Ритмы Шопена

Ритмы ШопенаВ области ритма Шопен показывает необыкновенную гениальность. Он проявляет здесь оригинальность, богатство изобретательности и обработки. Шопен — один из величайших ритмистов всех времен, Я лично считаю его единственным, чья нотация, например, почти абсолютно совпадает с ритмическим чувством вдохновения. Когда я говорю «почти», я говорю так в сознании недостаточности даже навыков самого Шопена, чтобы точно зафиксировать ритмические ощущения и организовать их идентично ритмическому подсознанию. Что-то остается неразрешенным. Уже во время мучении фиксации теряется толика часто тончайшего, самое чуткое и сокровенное. Однако из всех тех, кто приблизился к ритмическим волнам глубин души и умеет мгновенно выразить биение сердца на бумаге, Шопен — наиболее проникновенный художник. Это понимание скрытого ритма природы (коим в полной мере владел Рихард Вагнер и которое мы обнаруживаем, например, у Визе и в наше время — как врожденный талант —у Рихарда Штрауса) дает Шопену электризующий импульс, проблеск силы сверкающего, возбужденного, пульсирующего духа. Это — вибрация вздрагивающих нервов, что доносится нам из польских мазурок, куявяков, краковяков и т. д. и которая также придает невыразимую прелесть вальсам и полонезам. Так писать мог только гений, обладавший ритмическим ощущением жизненных событий и умевший тотчас воспринимать каждое впечатление как музыкально-ритмическое, тот, для кого движение— музыка, а музыка — движение. Ритмическая грация и пластика дают подобной танцевальной музыке, равно как и другим сочинениям, например балладам, скерцо, Баркароле, Тарантелле, отдельным прелюдиям, ту огромную художественную силу, что делает из каждой, даже маленькой пьески, род сцен.
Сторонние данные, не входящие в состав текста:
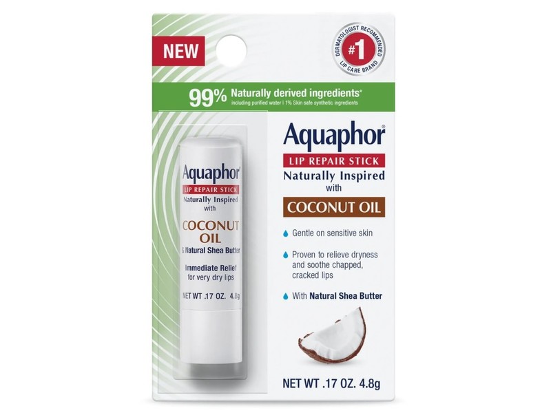 Find long-lasting moisture from the dermatologist recommended lip care brand with Aquaphor Naturally Inspired Lip Repair Stick with Coconut Oil. Aquaphor Naturally Inspired Lip Repair immediately relieves dryness and soothes chapped, cracked lips. This moisturizing lip balm is appropriate for sensitive lips and leaves lips feeling soft and hydrated, so lips look and feel healthier.
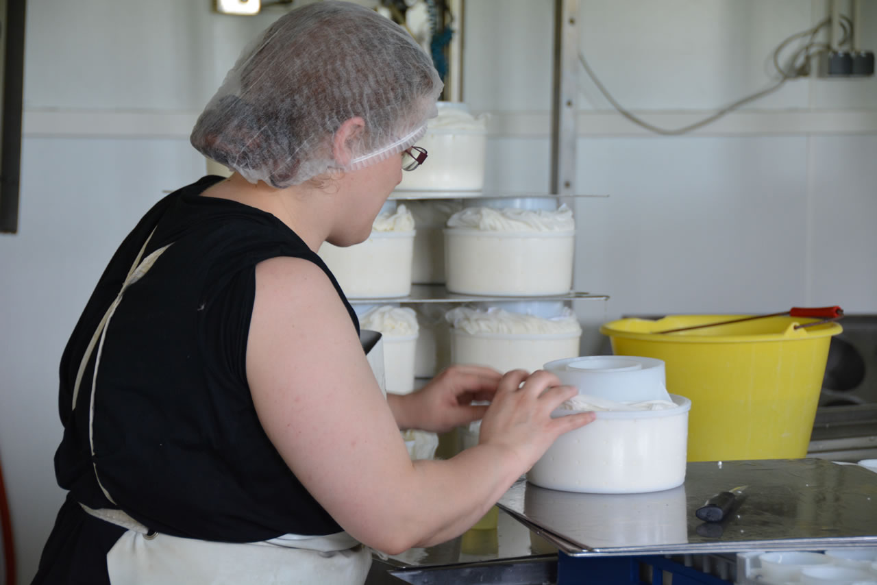 Entre 2003 et 2014, Christophe reçoit le renfort de Sébastien, Aurélien et Sophie. Issu d’un bac professionnel agricole, Sébastien a commencé par partager son temps entre les vaches et les chèvres avant d’être affecté à temps plein à l’atelier chèvres. Aurélien est arrivé l’an dernier, après s’être réorienté dans son parcours en maçonnerie. Quant à Sophie, master en industrie laitière en poche, elle a rejoint l’équipe dans la perspective de la construction d’une fromagerie adossée à l’atelier laitier (vaches) et de la rénovation de la fromagerie (chèvres). Pour l’heure, tous les quatre se relaient chaque jour pour prendre soin du troupeau, des traites et de la production des fromages. Christophe Beche assure les livraisons et rencontre les clients.
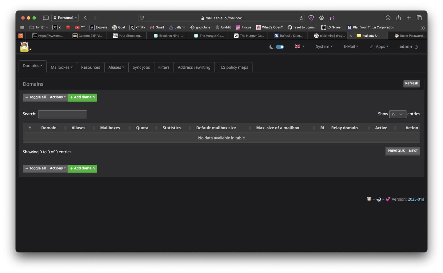 I just logged into my instance (after restoring it from a backup) and there appears to be no domains or mailboxes … so I’m even more confused
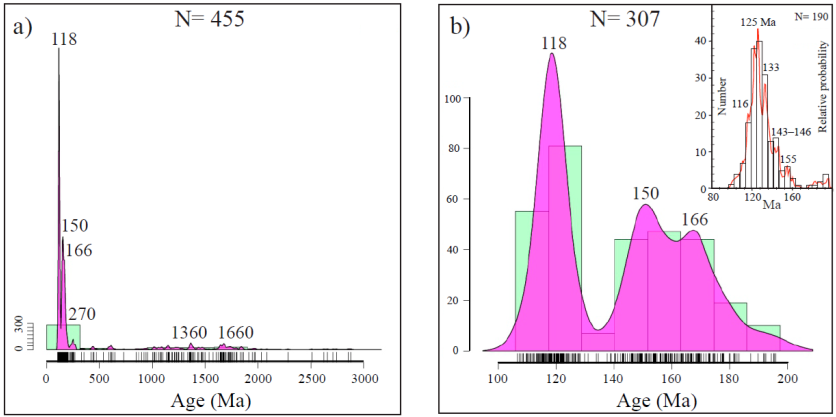 Figure 9 a) Kernel density estimator plot with age distributions for the total number of analyzed zircon from the Morita, Mural, and Cintura formations sandstone of the Bisbee Group in the Arizpe area. b) The KDE plot for the Cretaceous and Jurassic age groups shows the main age distributions. Inset in b): a histogram and relative probability density plot of detrital zircon ages (N = 190) reported by Alsleben et al. (2012) from the Cretaceous intra-arc and deformed successions in Baja California showing the main age distributions.

Так же гениальна, как и охват ритмов природы, шопеновская техническая обработка. Сошлюсь на великолепные перемены ритмов, на свободу характерной акцентировки благодаря чередованиям акцентов, подчеркиванию легких долей, мелодическим, фразеологическим, техническим групповым акцентам и т. п. Сошлюсь на рафинированную полиритмическую игру, на наслоения, вроде два на три, три на четыре, четыре на шесть нот, на трансформации трехдольных ритмов в двухдольные, например включение скрытого такта 3/s в такт на 2/§ в Первой прелюдии, на сочетания различных ритмов w особенно на использование триолей с целью оживления движения и звукового обогащения.
Подхожу к Шопену — мастеру гармонии, композитору, стоящему совместно с Шубертом, Берлиозом и Листом у колыбели современной музыки.
Шопеновская гармония, пожалуй, не только с точки зрения его личного развития, но исторически объективно — значительнейший элемент его творчества. Одной гармонии было бы достаточно, чтобы обосновать оригинальность Шопена. Никто до него не нашел подобного богатства гармонических комбинаций, не достиг подобной полноты новых звуковых эффектов и не обнаружил такой тонкости и насыщенности колорита. Шопен воплощает новую эру гармонического мышления. Он — первый современный музыкант-импрессионист, художник настроения, непосредственный предшественник хромати-ко-энгармонической техники «Тристана»
Стоит потрудиться, чтобы проследить внутренние духовные связи между техникой Шопена и современной музыкой.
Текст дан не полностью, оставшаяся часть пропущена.